Elliptic curves of unbounded rank and Chebyshev's bias

TL;DR

This paper explores the deep connection between the unboundedness of elliptic curve ranks and biases in prime number races, establishing conditional equivalences based on hypotheses like the Riemann Hypothesis.

Contribution

It demonstrates a conditional equivalence between unbounded elliptic curve ranks and extreme Chebyshev biases in prime number races, linking two major conjectures in number theory.

Findings

Conditional equivalence between unbounded rank and prime bias

Large ranks imply extreme Chebyshev bias under hypotheses

Existence of biased races suggests unbounded rank and RH for elliptic curves

Abstract

We establish a conditional equivalence between quantitative unboundedness of the analytic rank of elliptic curves over $\mathbb Q$ and the existence of highly biased elliptic curve prime number races.
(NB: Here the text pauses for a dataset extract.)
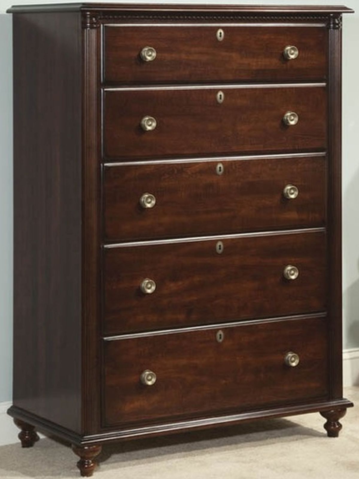 Savile row chest in victorian mahogany finish. Made of solid wormy maple wood.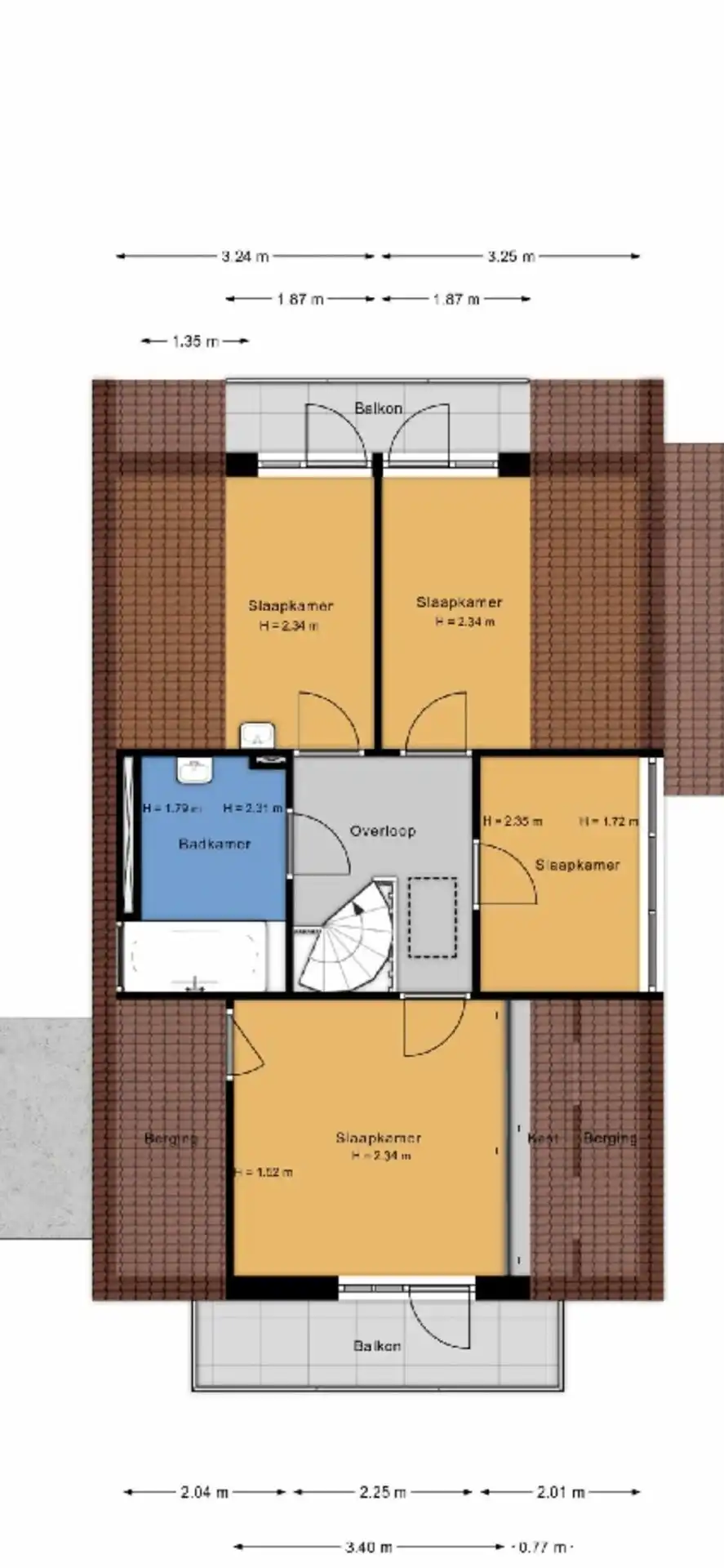 A l’étage, il y a 4 chambres et une toute nouvelle salle de bain avec douche. Dans 3 des chambres, il y a 2 lits à sommier tapissier qui peuvent être assemblés ou utilisés séparément. La plus petite chambre dispose d’un lit superposé, pouvant aller jusqu’à 1,90 m. Un lit de camp est disponible.

We show that conditionally on a Riemann Hypothesis and on a hypothesis on the multiplicity of the zeros of $L(E,s)$, large analytic ranks translate into an extreme Chebyshev bias. Conversely, we show under a certain linear independence hypothesis on zeros of $L(E,s)$ that if highly biased elliptic curve prime number races do exist, then the Riemann Hypothesis holds for infinitely many elliptic curve $L$-functions and there exist elliptic curves of arbitrarily large rank.